___ RECORDS SHOWN ___

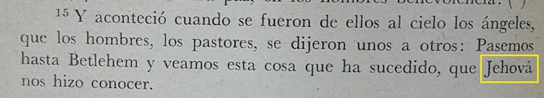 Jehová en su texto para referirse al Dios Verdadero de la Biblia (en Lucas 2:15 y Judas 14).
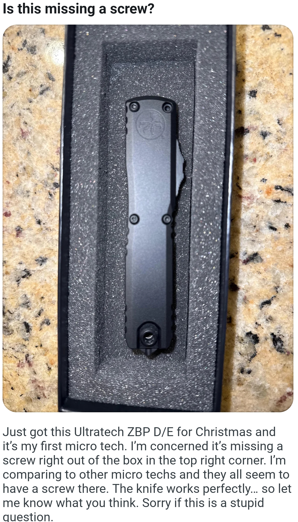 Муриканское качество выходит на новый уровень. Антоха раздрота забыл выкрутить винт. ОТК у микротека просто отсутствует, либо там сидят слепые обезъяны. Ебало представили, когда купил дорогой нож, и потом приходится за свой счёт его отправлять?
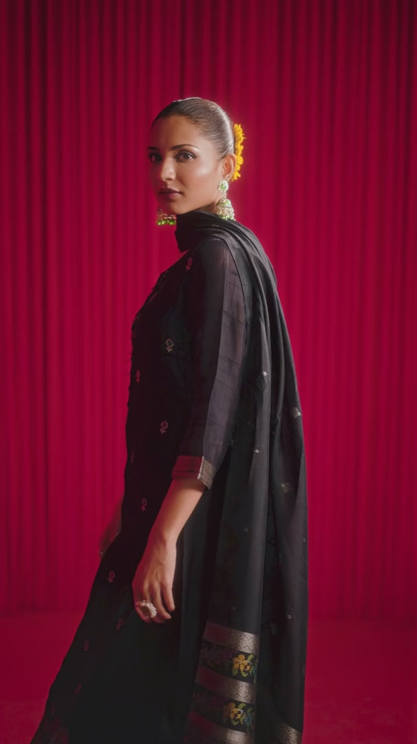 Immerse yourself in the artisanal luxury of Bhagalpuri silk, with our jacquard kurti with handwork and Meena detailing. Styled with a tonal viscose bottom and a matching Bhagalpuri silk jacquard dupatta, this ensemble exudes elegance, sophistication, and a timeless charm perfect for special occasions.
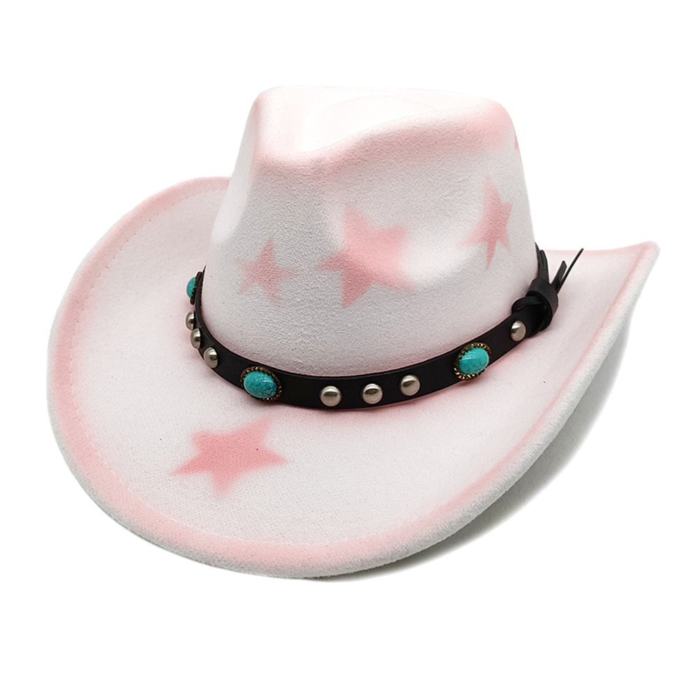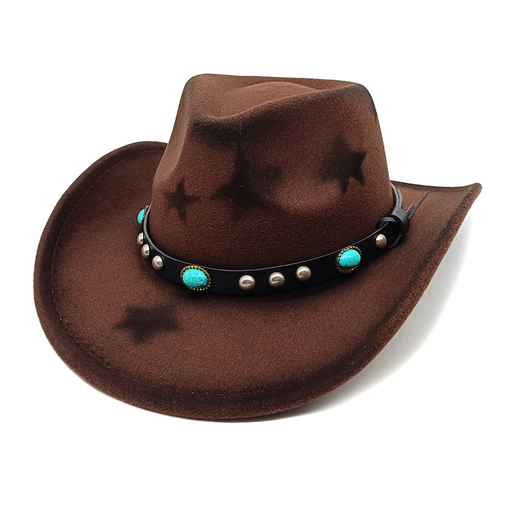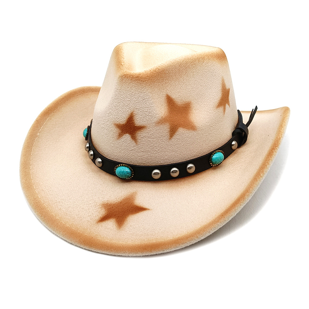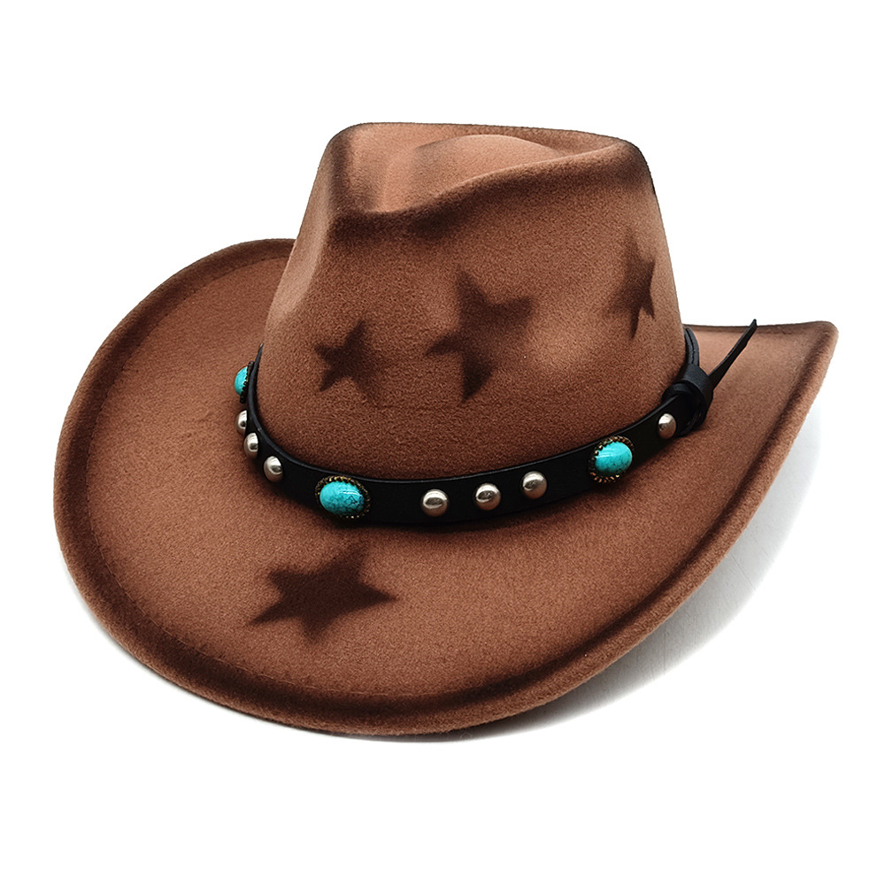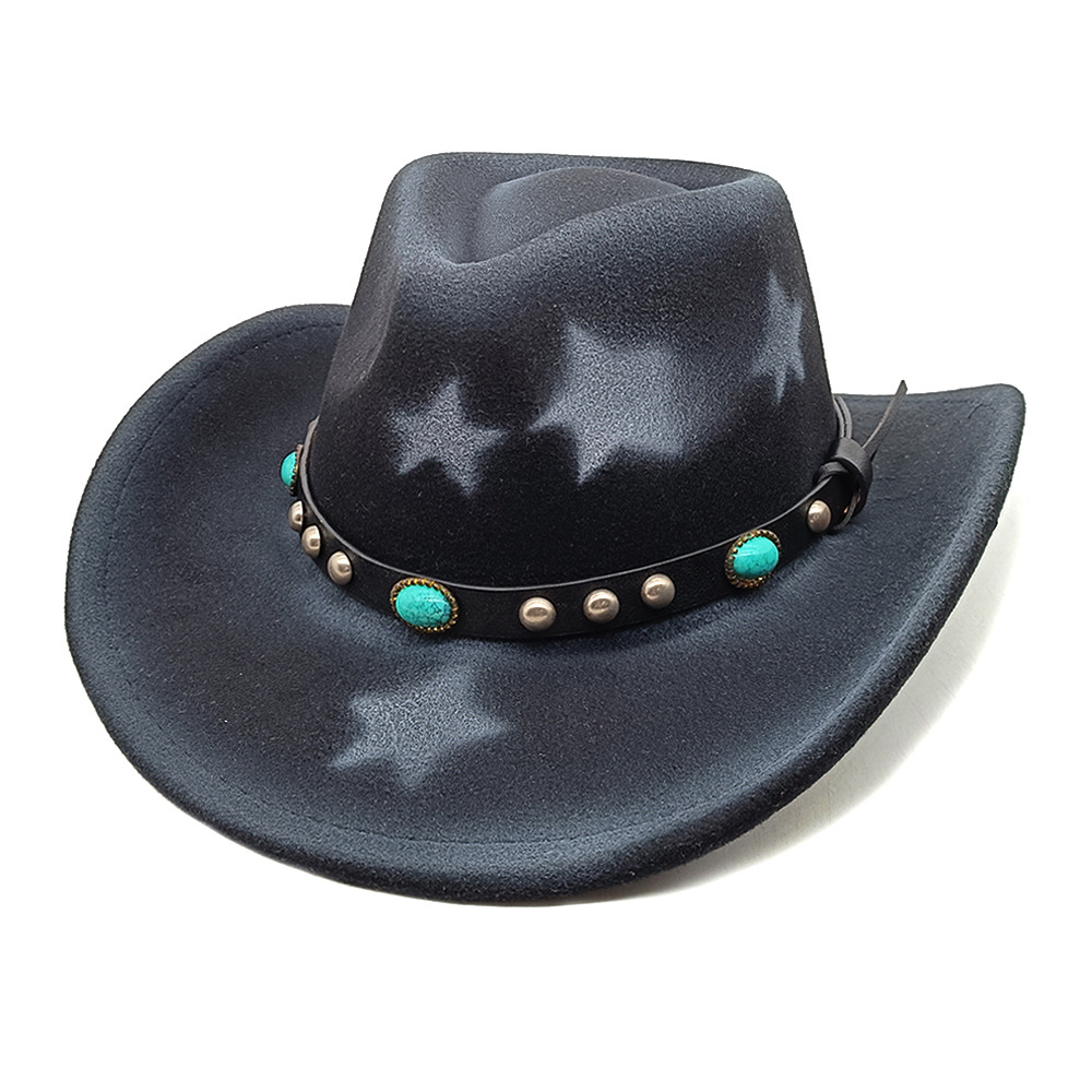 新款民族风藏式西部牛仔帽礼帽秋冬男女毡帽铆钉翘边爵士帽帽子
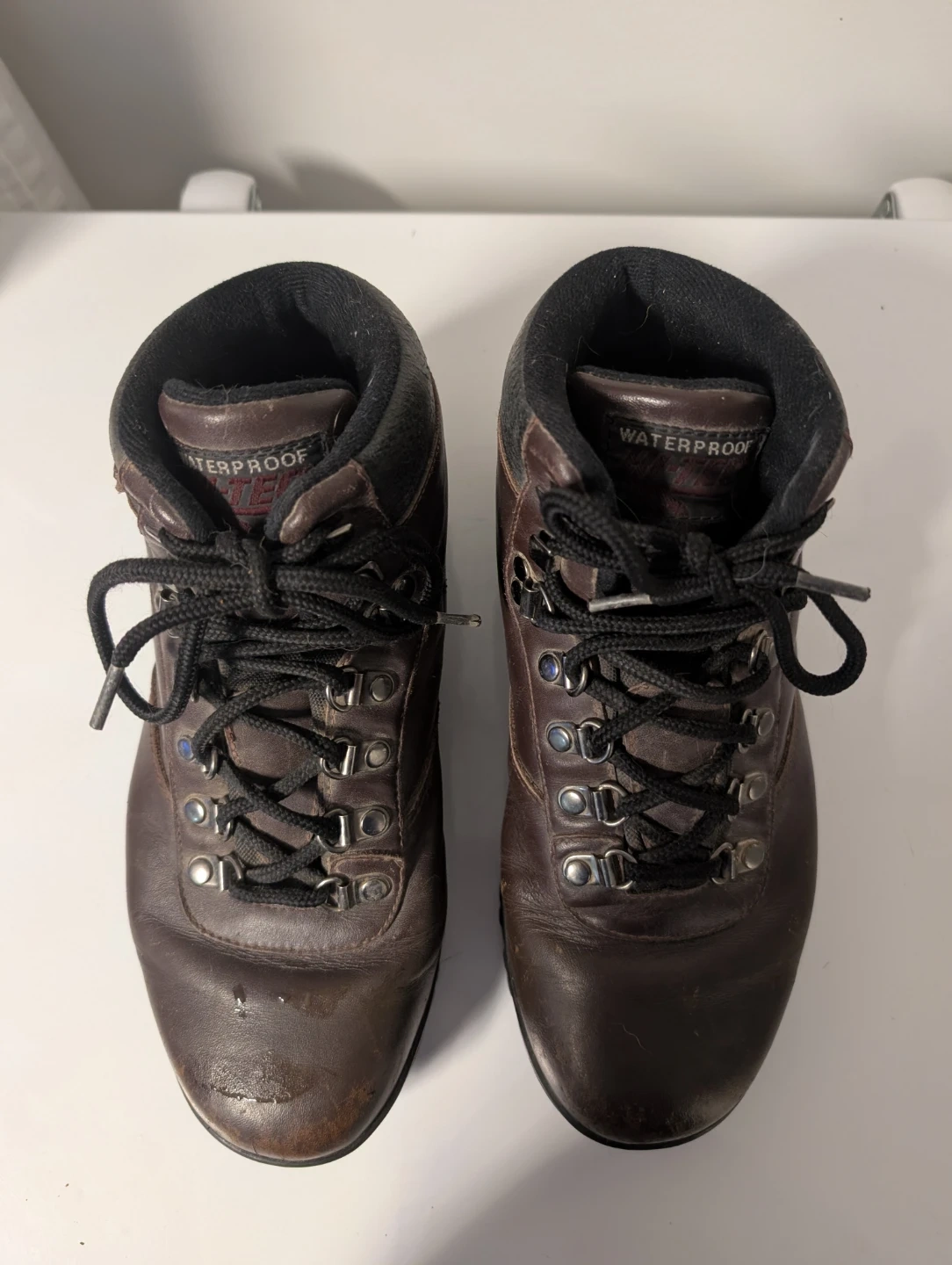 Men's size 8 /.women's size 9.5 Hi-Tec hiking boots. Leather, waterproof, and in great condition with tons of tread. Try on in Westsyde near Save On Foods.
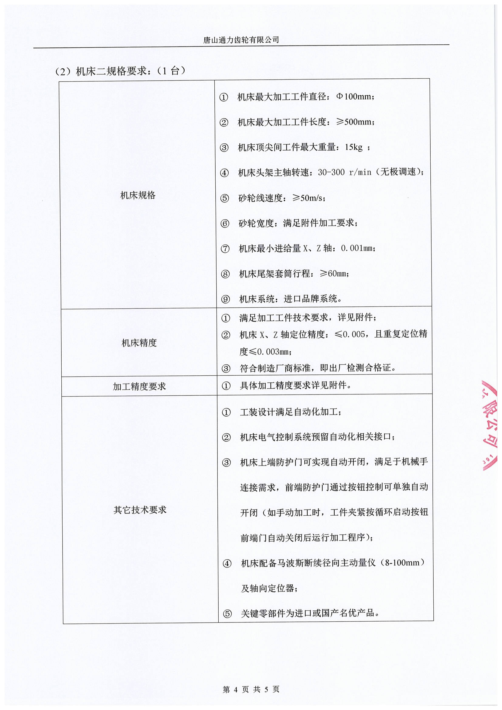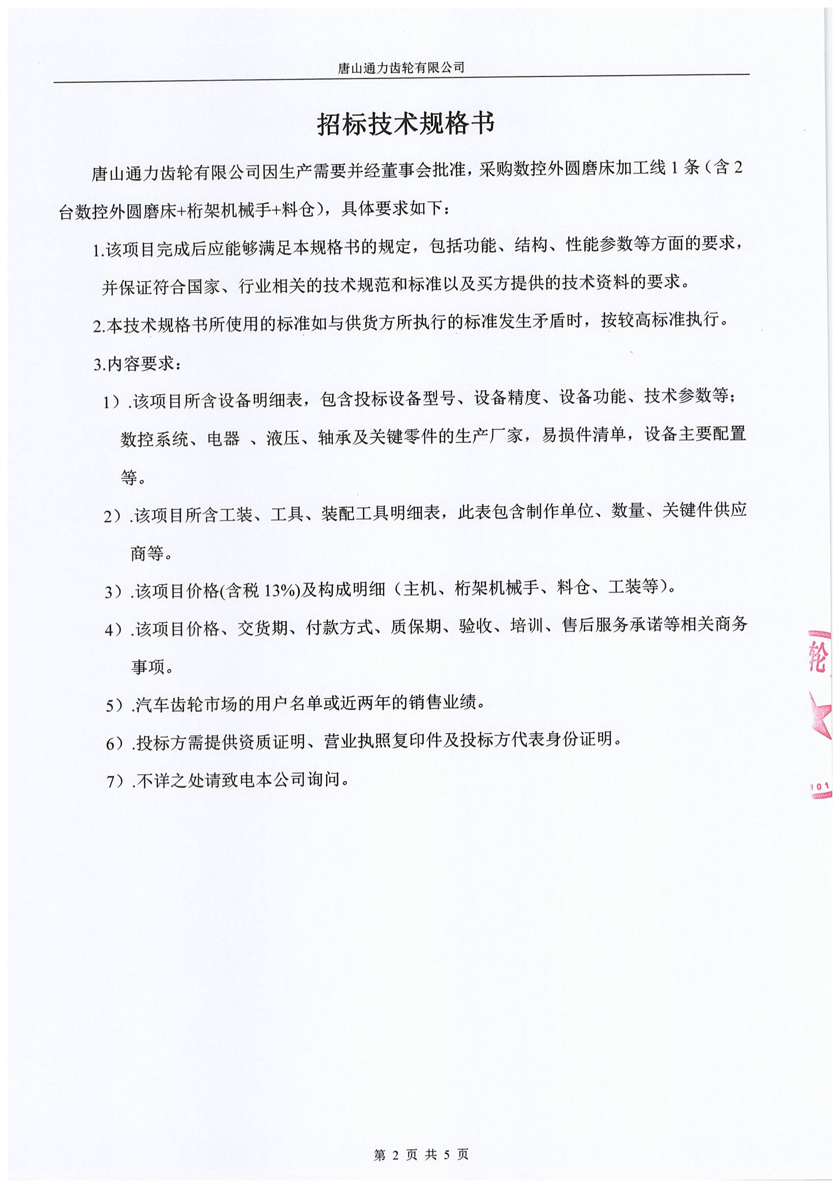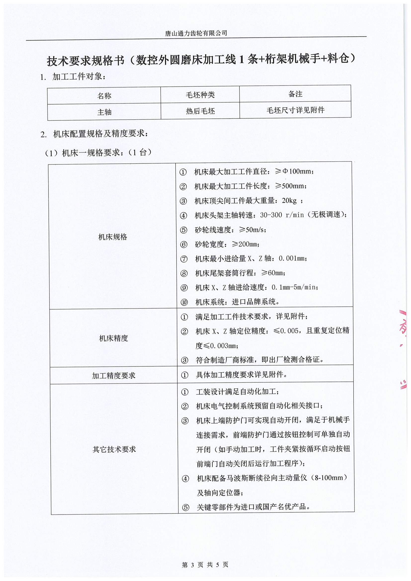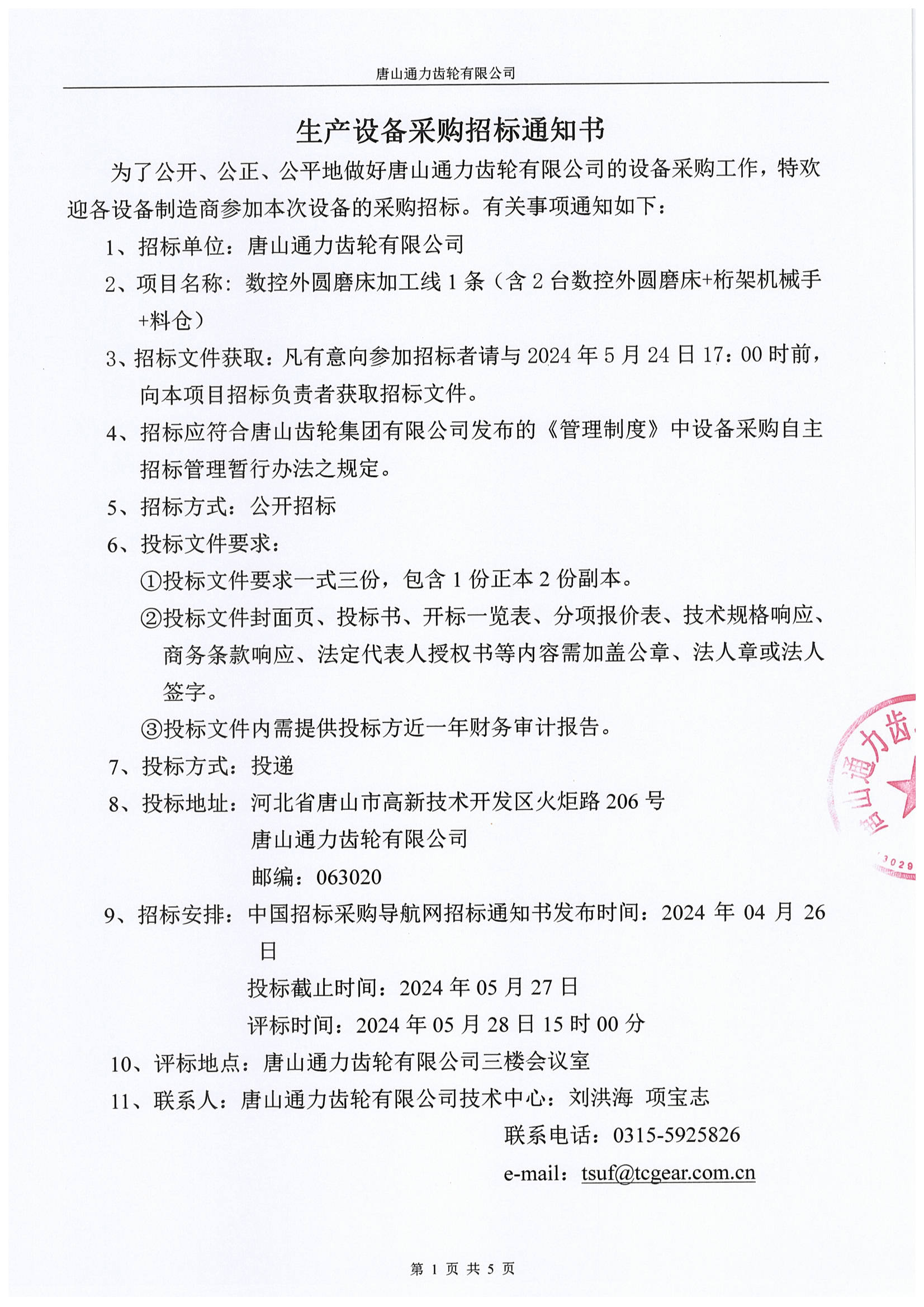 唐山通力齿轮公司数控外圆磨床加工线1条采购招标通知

___

### INSTRUCTIONS TO FOLLOW:
Exactly the lines from the one with "Men's size 8" through the end of the entries above must be written out, and no pictures may be included.

### RESULT:
 Men's size 8 /.women's size 9.5 Hi-Tec hiking boots. Leather, waterproof, and in great condition with tons of tread. Try on in Westsyde near Save On Foods.
 唐山通力齿轮公司数控外圆磨床加工线1条采购招标通知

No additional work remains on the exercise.